From the problem we have given that,
⟹The ratio of sulphuric acid to water in the first container = \[3:2\]
From this, the quantity of sulphuric acid in first container =$\dfrac{3}{3+2}x$= $\dfrac{3}{5}x$
Similarly, the quantity of water in first container =$\dfrac{2}{3+2}x$= $\dfrac{2}{5}x$
⟹The ratio of sulphuric acid to water in second container = \[7:3\]
From this , the quantity of sulphuric acid in second container = $\dfrac{7}{7+3}x=\dfrac{7}{10}x$
 Similarly, the quantity of water in second container = $\dfrac{3}{7+3}x=\dfrac{3}{10}x$
⟹ The ratio of sulphuric acid to water in third container = \[11:4\]
From this , the quantity of sulphuric acid in third container = $\dfrac{11}{11+4}x=\dfrac{11}{15}x$
Similarly, the quantity of water in third container = $\dfrac{4}{11+4}x=\dfrac{4}{15}x$
If the all the liquids are mixed then,
The required mixture ratio when they mixed up = (Sum of sulphuric acid quantities in three containers) :(Sum of water quantities in three containers)
 Therefore,
The required ratio = $\left( \dfrac{3x}{5}+\dfrac{7x}{10}+\dfrac{11x}{15} \right):\left( \dfrac{2x}{5}+\dfrac{3x}{10}+\dfrac{4x}{15} \right)$
Now take ‘$x$’as common and cancel it , then we get as follows
The required ratio = $\left( \dfrac{3}{5}+\dfrac{7}{10}+\dfrac{11}{15} \right):\left( \dfrac{2}{5}+\dfrac{3}{10}+\dfrac{4}{15} \right)$
On taking L.C.M for first two terms we get
⇒$\left( \dfrac{30+35}{50}+\dfrac{11}{15} \right):\left( \dfrac{20+15}{50}+\dfrac{4}{15} \right)$
⇒$\left( \dfrac{65}{50}+\dfrac{11}{15} \right):\left( \dfrac{35}{50}+\dfrac{4}{15} \right)$
⇒$\left( \dfrac{13}{10}+\dfrac{11}{15} \right):\left( \dfrac{7}{10}+\dfrac{4}{15} \right)$
Now let us take 150 as L.C.M we get
⇒$\left( \dfrac{(13\times 15)+(11\times 10)}{150} \right):\left( \dfrac{(7\times 15)+(4\times 10)}{150} \right)$
⇒$\left( \dfrac{305}{150} \right):\left( \dfrac{145}{150} \right)$
Here ‘150’ on both sides gets cancelled out
⇒$305:145$
Now the simplified ratio is ⇒$61:29$
Hence,
 If all the liquids are mixed together then the ratio of sulphuric acid to water in the mixture will be “$61:29$”
The answer is option (A)

Note: a)We must be careful that with respect to which liquid the ratio is asked for and according to that we must proceed.

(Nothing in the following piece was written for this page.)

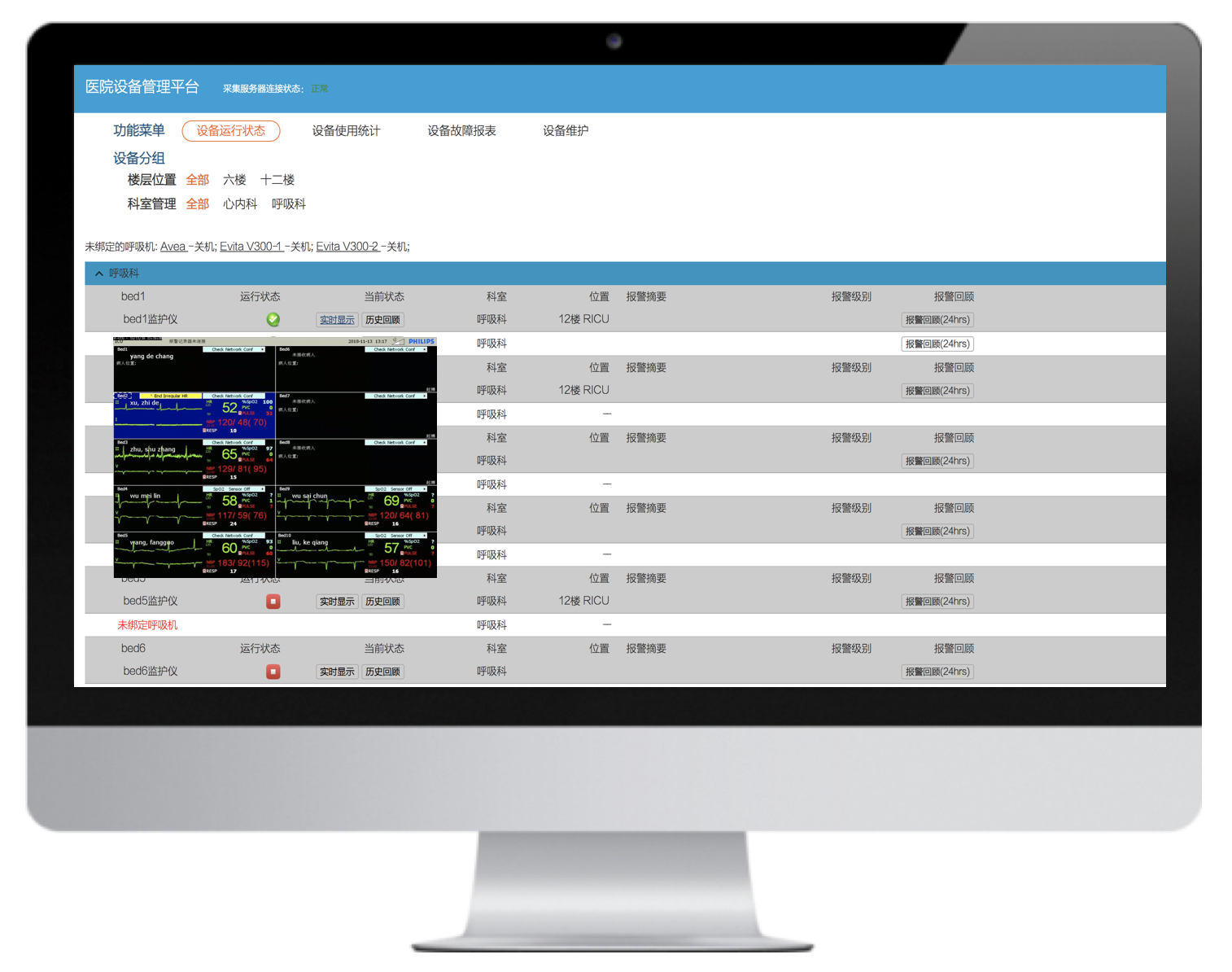 病床綁定、患者體征實時監(jiān)護(hù)、精確告警、告警響應(yīng)處置等

 b)For the ratios ,the quantities must be in the same unit.If they are not equal,they should be expressed in the same unit before the ratio is to be taken.And the ratio should be in the simplified form. The simplified form will get only when we multiply with any related factor or with the same number both in numerator and denominator.